The selection of the GCM’s is made on the basis of literature review and availability of data. In a previous study, Bonilla-Ovallos and Mesa Sánchez (2017) evaluated the performance of the simulations of Global Climate Models from the CMIP5-project compared with local observations, the two GCM used in this study showed a good performance in this analysis. The GCMs selected for this study are CanESM2 (2.79° latitude × 2.81° longitude) and IPSL-CM5A-MR (1.26° latitude × 2.5° longitude). CanESM2 is developed by Canadian Centre for Climate Modelling and Analysis, whereas IPSL-CM5A-MR by The Institut Pierre Simon Laplace, France, respectively. The future Long-Term scenarios considered in this study are the Representative Concentration Pathways (RCPs) RCP2.6 and RCP8.5 representing two different possible future emission trajectories and radiative forcings.

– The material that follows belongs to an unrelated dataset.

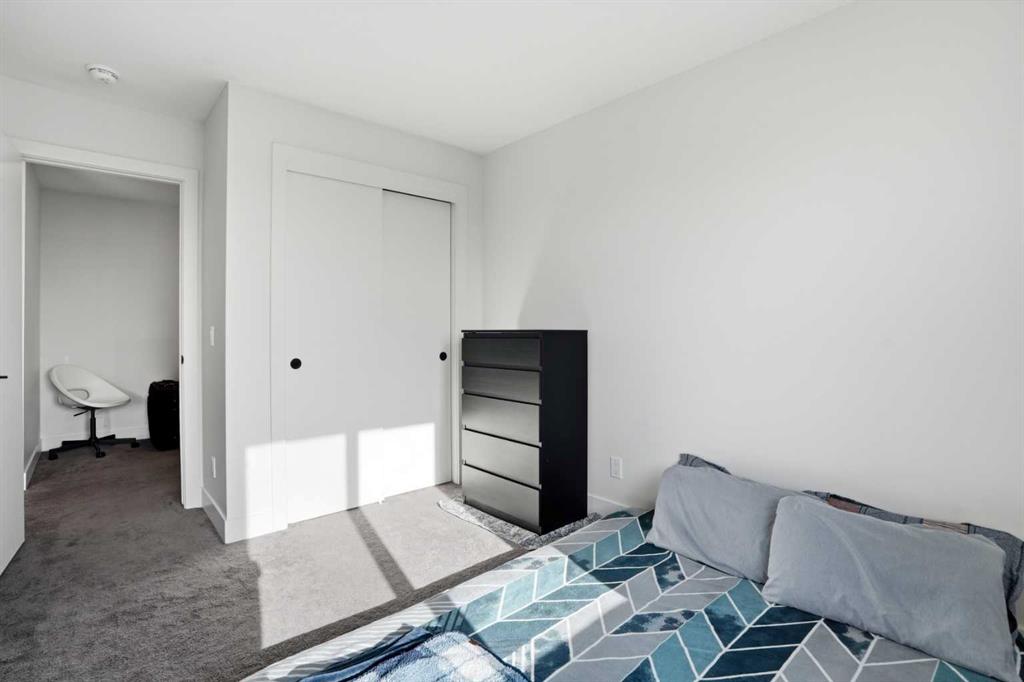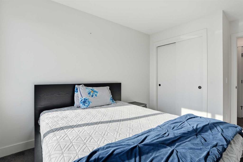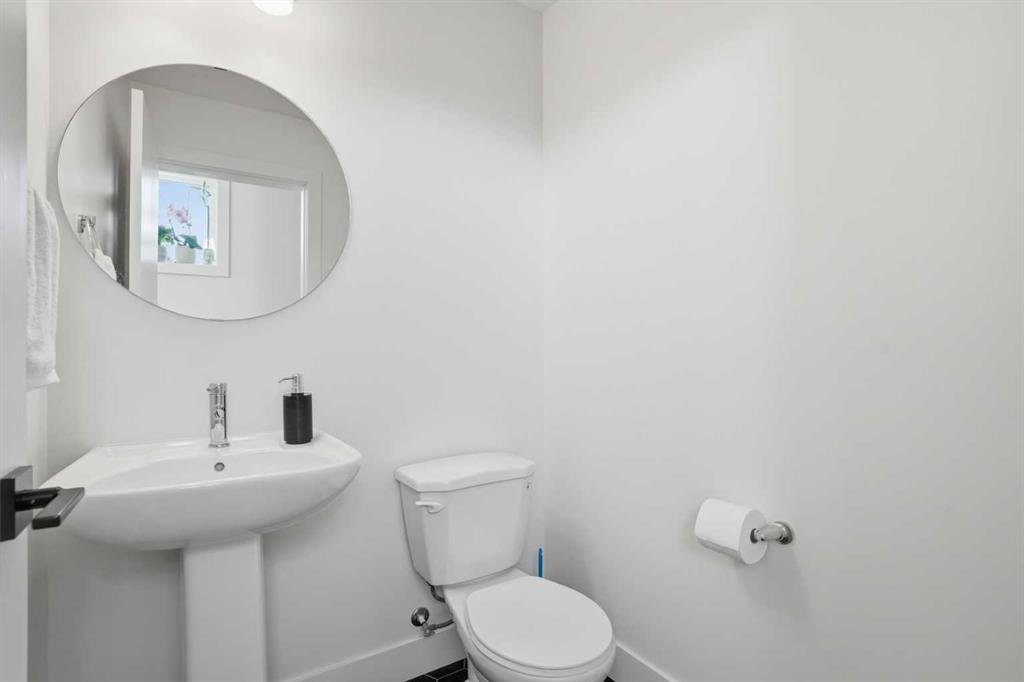 The open-concept main floor is filled with incredible natural light from large windows and features high ceilings and recessed lighting. The kitchen is beautifully finished with sparkling quartz countertops, two-toned cabinetry, stainless steel appliances, and a stylish honeycomb backsplash. A centred breakfast bar with barstool seating provides the perfect spot for casual meals. The kitchen, dining, and living areas flow seamlessly together, creating a welcoming space for both everyday living and entertaining. Just off the living area is access to the first of two balconies—ideal for easy indoor/outdoor cooking and dining during the warmer months. A 2-piece powder room completes this level.

The RCP8.5 combines assumptions about high population and relatively slow income growth with modest rates of technological change and energy intensity improvements, leading in the long term to high energy demand and GHG emissions in the absence of climate change policies. RCP8.5 thus corresponds to the pathway with the highest greenhouse gas emissions (Riahi 2011). The RCP 4.5 represents a scenario with lower concentration in the atmosphere of CO2 than RCP 8.5, here the emissions peak around midcentury at around 50% higher than 2000 levels and then decline rapidly over 30 years. It is important to notice that concentration of CO2 continues to increase even after emissions slow and then drop. Carbon dioxide accumulates in the atmosphere and stays there for decades.

The predictor variables are available and obtained for the period 1980–2005 for historical data, and the period 2021–2100 was used for the future projections of both models (van Vuuren et al. 2011).

Statistical Downscaling Model (SDSM)

The Statistical Downscaling Model was developed by Wilby et al. (2002) as a tool for statistical downscaling method. There are many studies which have used SDMS in climate change impact assessments (Rajabi and Shabanlou 2013). The model uses a combination of stochastic weather generator (SWG) and multiple linear regression (MLR). The MLR establishes a statistical relationship between GCM predictor variables and local-scale predictand variables to produce regression parameters. These calibrated regression parameters are further used with NCEP and GCM predictor variables in SWG to simulate daily time series producing a better correlation with the observed predictand’s time series.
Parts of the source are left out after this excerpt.